DEBBIE ELLIOTT, Host:

And now, a story about the entertainment industry and politics here at home. This month and continuing through the summer, the National Archives is screening favorite flicks of our commanders-in-chief.

(SOUNDBITE OF MOVIE, "THE KARATE KID")

PAT MORITA: (As Mr. KESUKE MIYAGI) Wax on, right hand. Wax off, left hand.

ELLIOTT: "The Karate Kid" was the first in the series. It's a favorite of the first President Bush. For those of you who were asleep in 1984, "The Karate Kid" follows the friendship of Daniel, a struggling teenager, and his wise karate instructor, Mr. Miyagi. As the fatherless Daniel learns about martial arts, he learns about life.

(SOUNDBITE OF MOVIE, "THE KARATE KID")

RALPH MACCHIO: (As Mr. DANIEL LaRUSSO): I'm just scared, you know. The tournament and everything.

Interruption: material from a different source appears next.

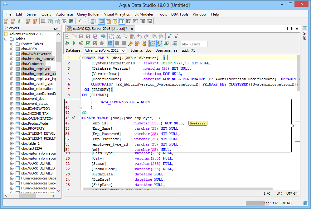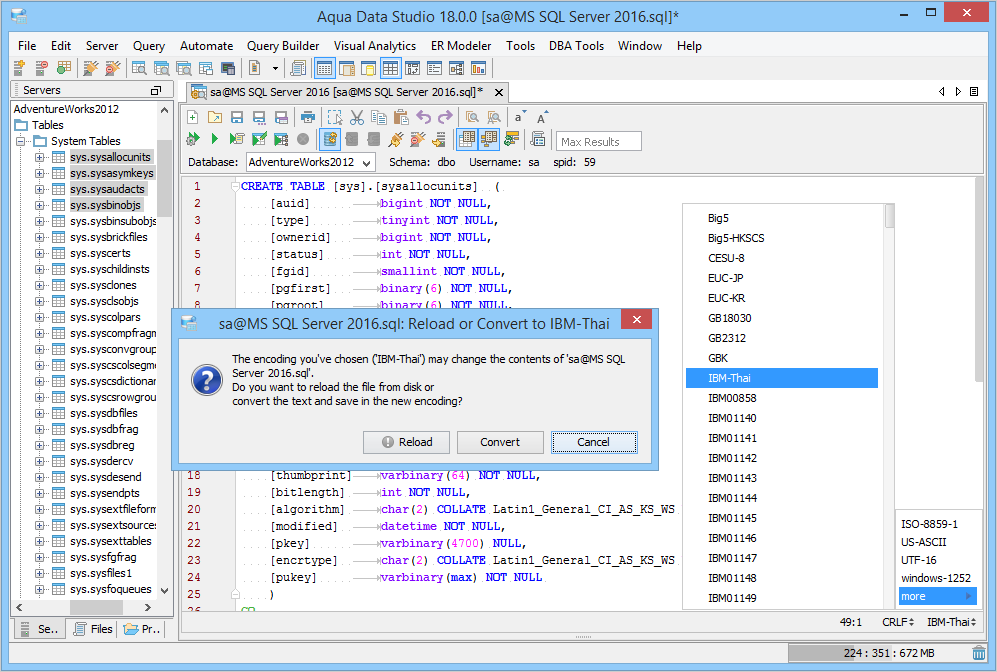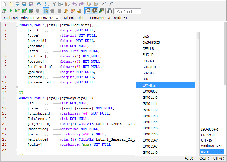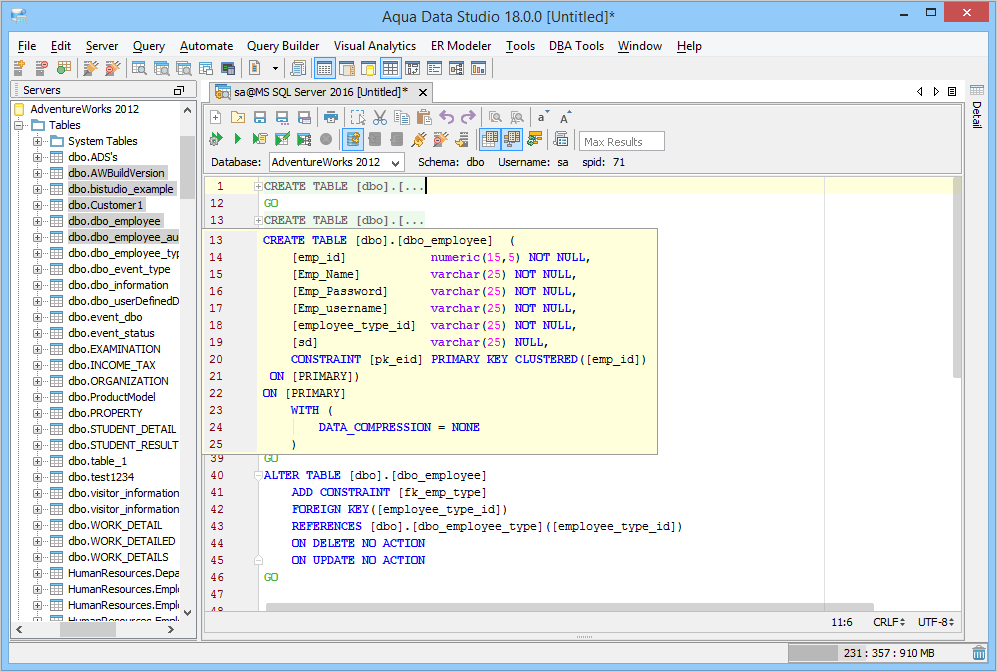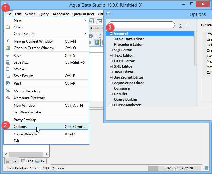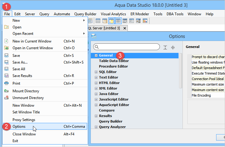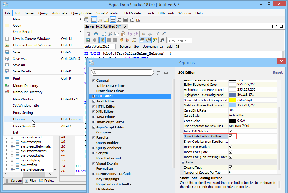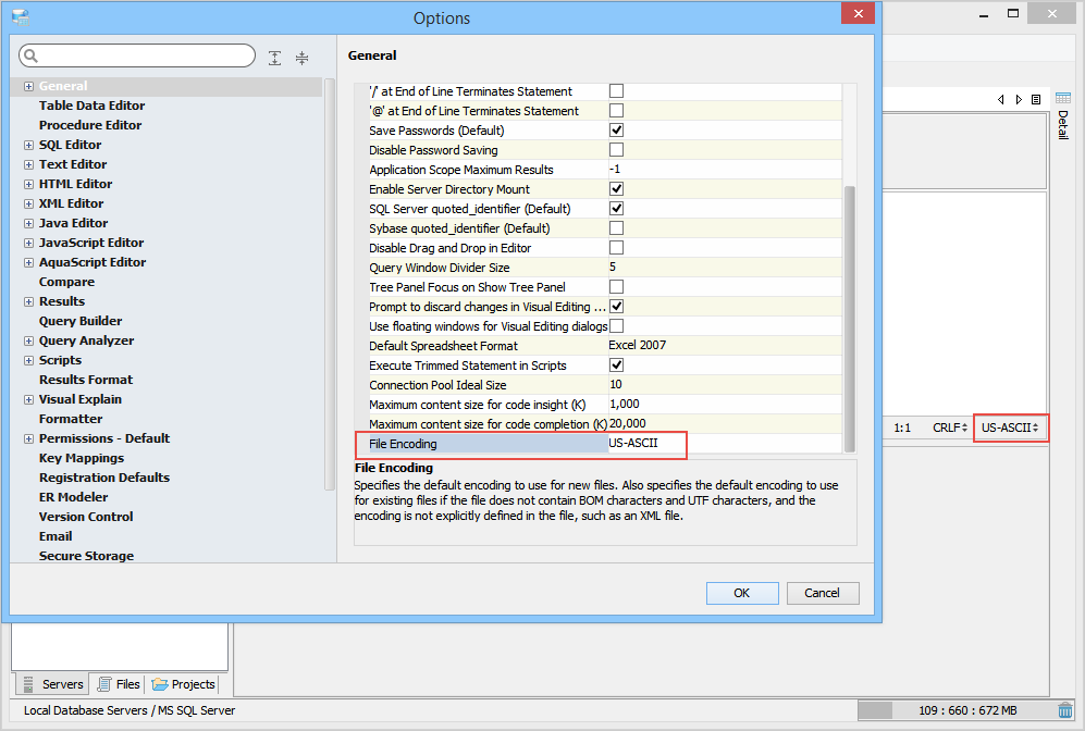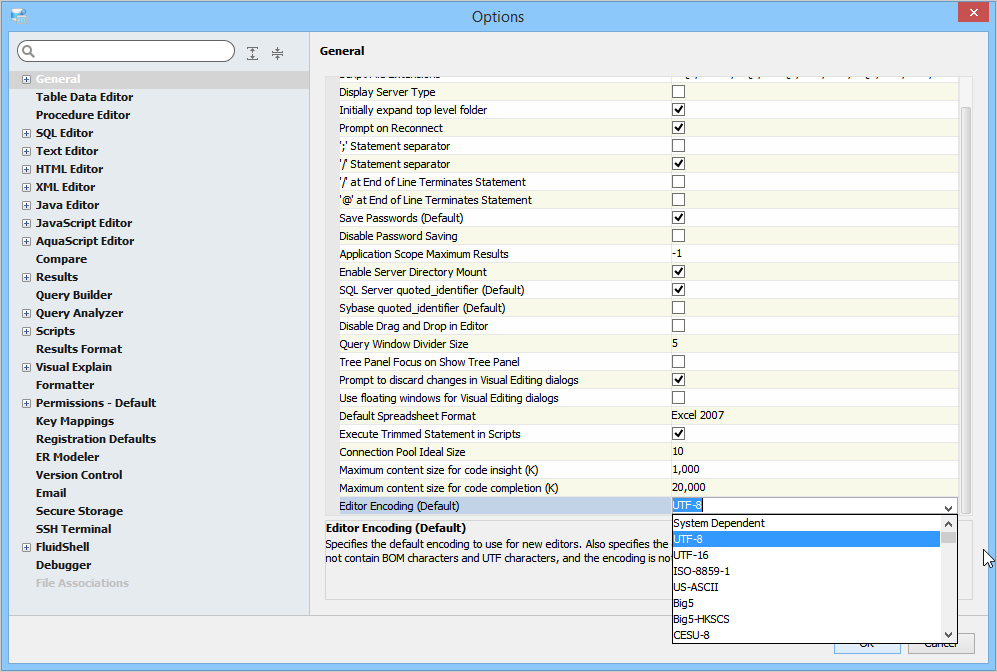By default, the maximum content size for code insight features is 1000 K. If that limit is exceeded, all the code insight features, such as automatic code folding and tag completion are disabled. The maximum content size for code completion is 20000 K. If that limit is exceeded, features, such as code-completion, punctuation completion, indent guides and brace highlighting are disabled. In both cases, Aqua Data Studio displays the currently configured size and the actual content size.

MORITA: You remember lesson about balance?

MACCHIO: Yeah.

MORITA: Lesson not just karate only. Lesson for whole life.

ELLIOTT: "Patton" also made the list. President Nixon reportedly watched it three times. The 1970 movie tells the story of the maverick World War II general George Patton played by George C. Scott.

(SOUNDBITE OF MOVIE, "PATTON")

GEORGE C: (As General GEORGE S. PATTON): All this stuff you've heard about America not wanting to fight, wanting to stay out of the war, is a lot of horse dung. Americans traditionally love to fight. All real Americans love the sting of battle.

ELLIOTT: The National Archives, however, is screening only family-friendly presidential picks. Next stop is "Bright Eyes," with Shirley Temple - it was one of FDR's favorites.